Are you a Democrat, a Republican or a Southerner?

Since political issues can be so polarizing, here is a simple test that some are using to choose.

The answer will be found by posing the following question:
You are walking down a deserted street with your wife and two small children. Suddenly, a Terrorist with a huge knife comes around the corner, locks eyes with you, screams obscenities, raises the knife, and charges at you.... knee length lace wedding dresses
You are carrying a Kimber 1911 cal. 45 ACP, and you are an expert shot.

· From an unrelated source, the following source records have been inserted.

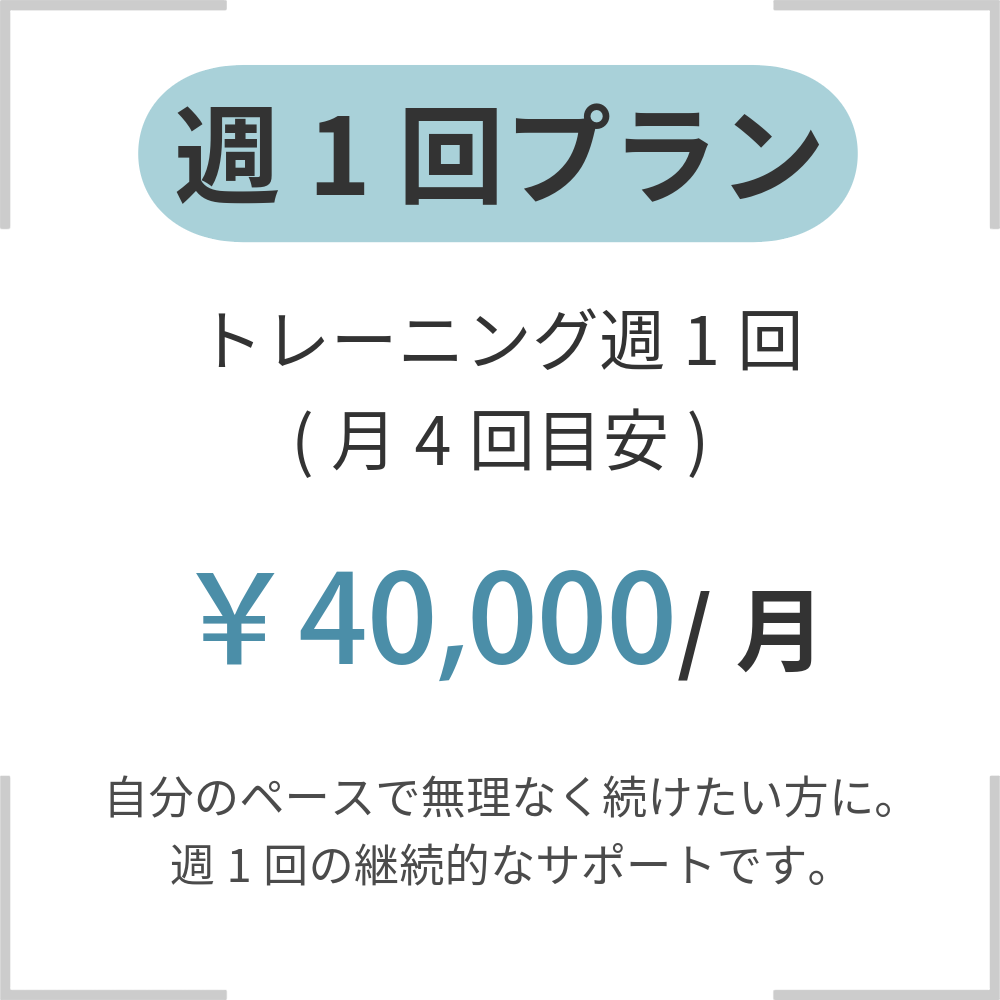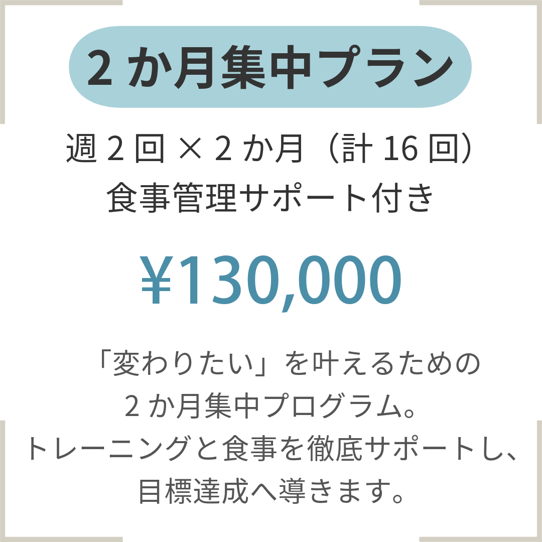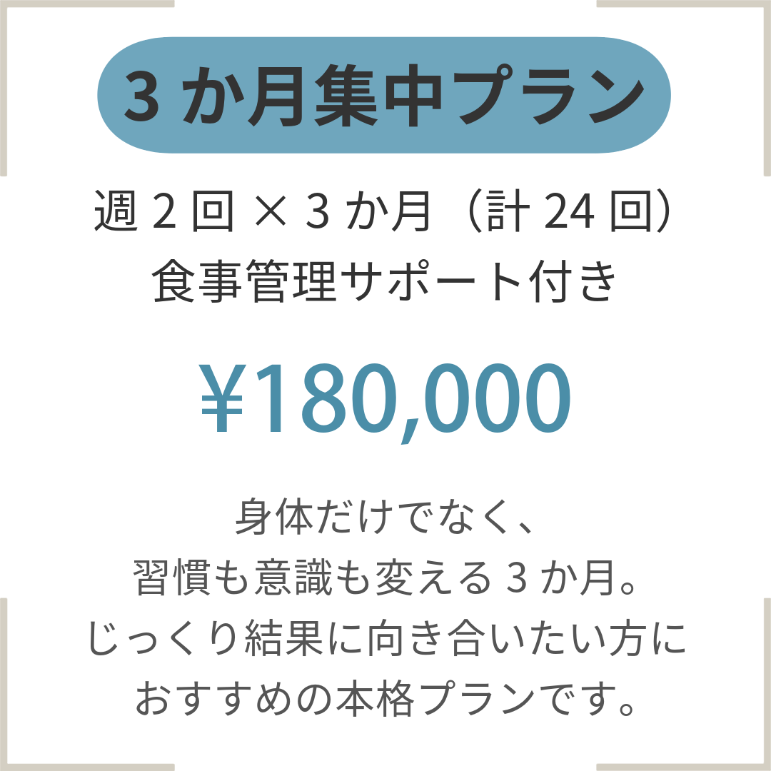 MENU & PRICE 2025.04.152026.02.26 お一人おひとりに合わせたサポートを行うため、複数のプランをご用意しています。ご不明点があればお気軽にお問い合わせください。 ※表示の価格はすべて税込みとなっております。 パーソナルトレーニング PLAN モニター価格 ※モニタープランは、最低3か月間のご契約が必須となります。 ご契約後3か月間は途中解約ができかねますので、あらかじめご了承ください。 集中トレーニングプログラム~毎月5名様限定メニュー~ 相談・お問い合わせはこちら
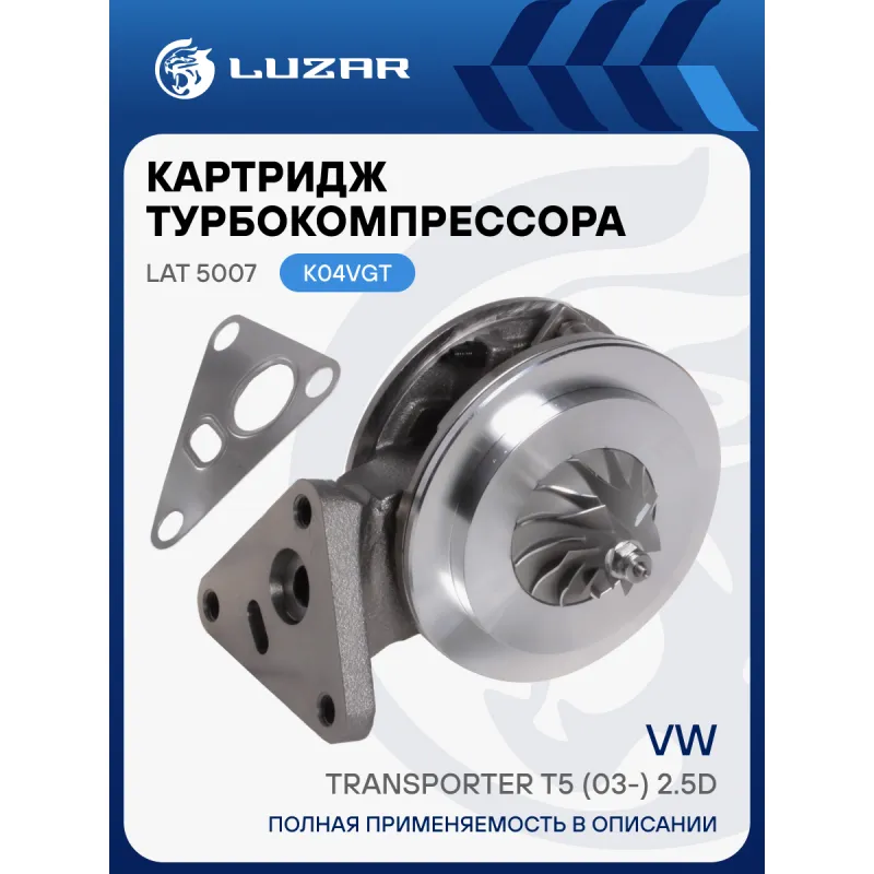 Картридж турбокомпрессора для а/м VW Transporter T5 (03-) 2.5D (тип K04VGT) Характеристики: Артикул: LAT 5007 OEM номера: 070145701E Количество на автомобиль: 1 Сопутствующий товар: Радиаторы интеркулера (онв): LRIC 18H7 Комплектация: Турбокомпрессор без корпуса (картридж) - 1 шт Прокладка - 1 шт Паспорт изделия - 1 шт Гарантия: от 1 года.
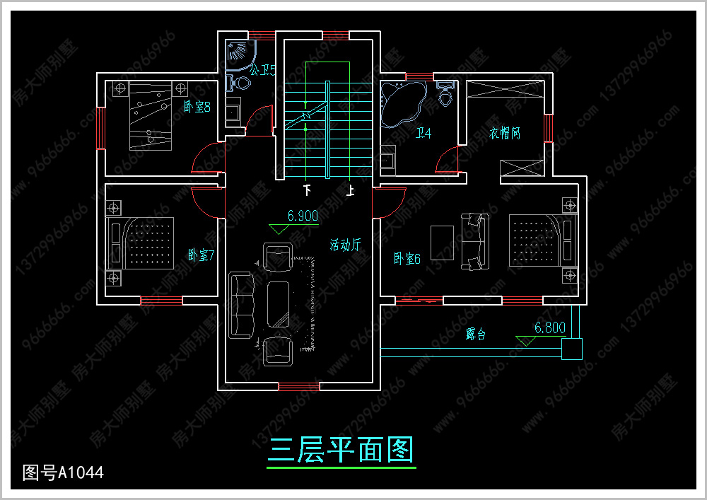 A1044号别墅三层室内功能介绍:
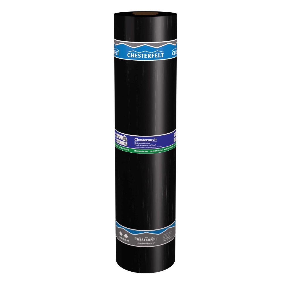 The CHESTERTORCH POLYESTER 8mx1m GREEN MIN. FINISH is a roofing membrane designed to provide weather protection within roofing systems.
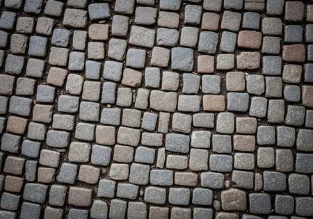 Rustic cobblestone street background with uneven, weathered stones in various shades of gray and brown.
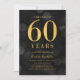 Classy 60th Birthday Party invitation featuring the words "Cheers to 60 Years" in faux gold foil against a dark grey bokeh pattern background. Invitation has a dark grey background back side.
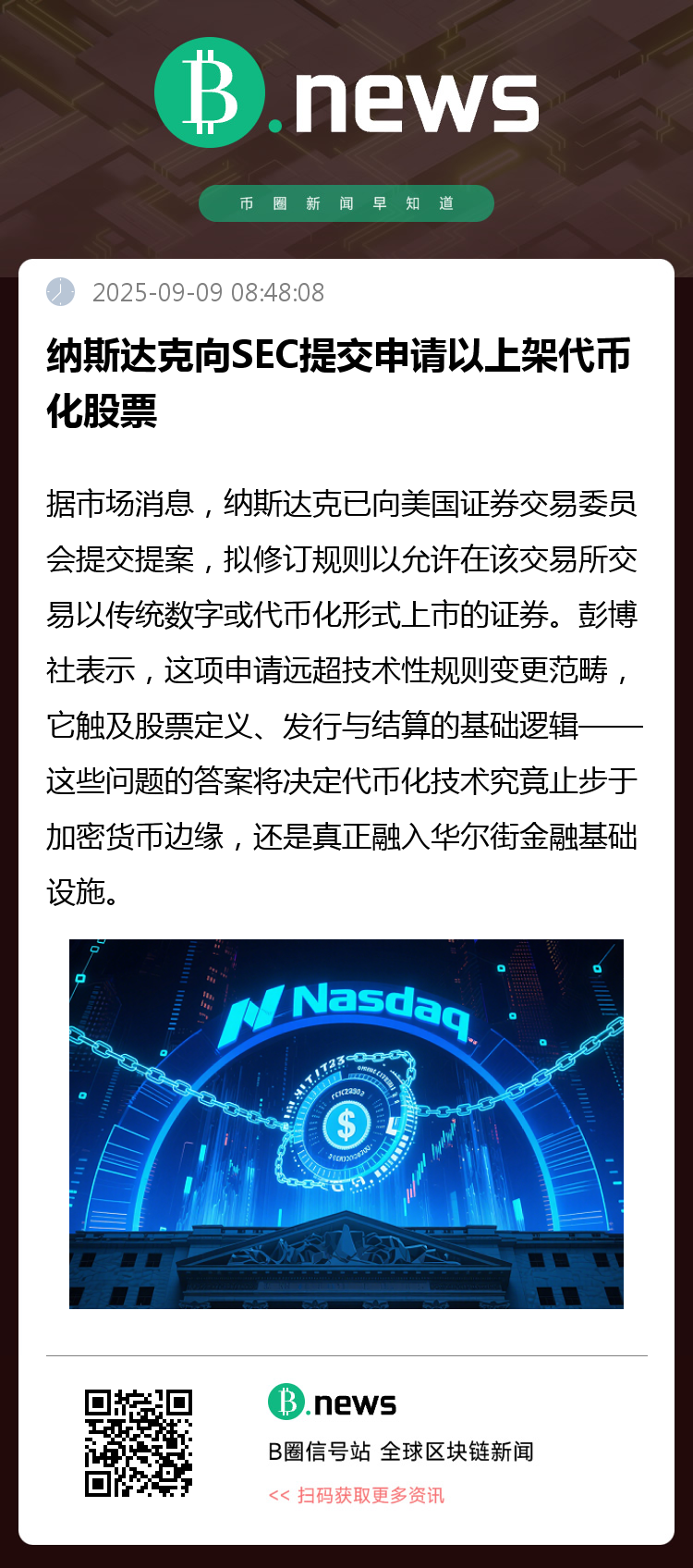 据市场消息透露,纳斯达克已正式向美国证券交易委员会(SEC)提交了一份规则修订提案,旨在允许该交易所上市并以传统数字形式或代币化形式交易证券。此举被视为纳斯达克在拥抱资产代币化趋势、整合区块链技术方面迈出的重要一步。
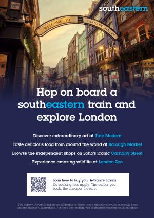 * T & C’ s apply. Advance tickets are available as single tickets on selected routes at specific times and are subject to availability. For more information, visit southeasternrailway. co. uk / advance
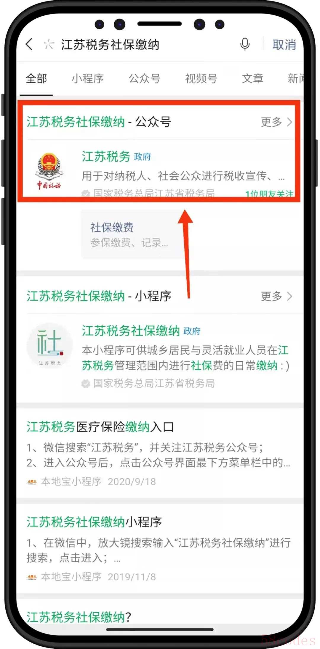 左右滑动查看更多除此之外,还可以直接搜索并关注当地的税务局(或社保局)公号进行缴费。
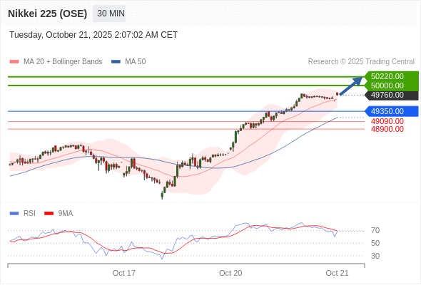 在 49350.00 之上,看涨,目标价位为 50000.00 ,然后为 50220.00 。
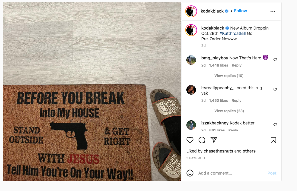 Needless to say, he understands the intent behind a burglary quite well. But, now that his net worth is upwards of $5 million, his wealth is far more likely to be the target of a burglary scheme. To that, the 25-year-old posted a message on his Instagram page, indicating that anyone foolish enough to go through with a burglary scheme at his expense would meet their maker shortly thereafter. Kodak Black posted a picture of a welcome mat that had an image of a gun on it and the words: “Before You Break Into My House, Stand Outside & Get Right With Jesus…Tell Him You’re On Your Way!!”

You have mere seconds before he reaches you and your family.
What do you do?

THINK CAREFULLY AND THEN SCROLL DOWN:

Democrat's Answer:
There is not enough information to answer the question! I need to know...
What is a Kimber 1911 cal. 45 ACP?
Does the man look poor or oppressed?
Is he really a terrorist? Am I guilty of profiling?
Have I ever done anything to him that would inspire him to attack?
Could we run away?
What does my wife think?
What about the kids?
Could I possibly swing the gun like a club and knock the knife out of his hand?
What does the law say about this situation?
Does the pistol have an appropriate safety built into it?
Why am I carrying a loaded gun anyway, and what kind of message does this send to society and to my children?
Is it possible he'd be happy with just killing me and leave my family alone?
Does he definitely want to kill me, or would he be content just to wound me?
If I were to grab his knees and hold on, could my family get away while he was stabbing me?
Should I call 9-1-1?
Why is this street so deserted?
Can we make this a happier, healthier street that would discourage such behavior.
Maybe we need to raise taxes for supplies and then have a paint & weed day.
I need to debate this with some friends and try to come to a consensus.
This is all so confusing!

Republican's Answer:
BANG!

Southerner's Answer:
BANG! BANG! BANG! BANG! BANG! BANG! BANG! BANG! BANG ! BANG! BANG! BANG!
Click..... (Sounds of reloading)
BANG! BANG! BANG! BANG! BANG! BANG!
BANG! BANG! BANG!
Click

Daughter: 'Nice grouping, Daddy! Were those the Winchester Silver Tips or Hollow Points?!

Son: 'Can I shoot the next one?!'

Wife: 'You are NOT taking that to a Taxidermist!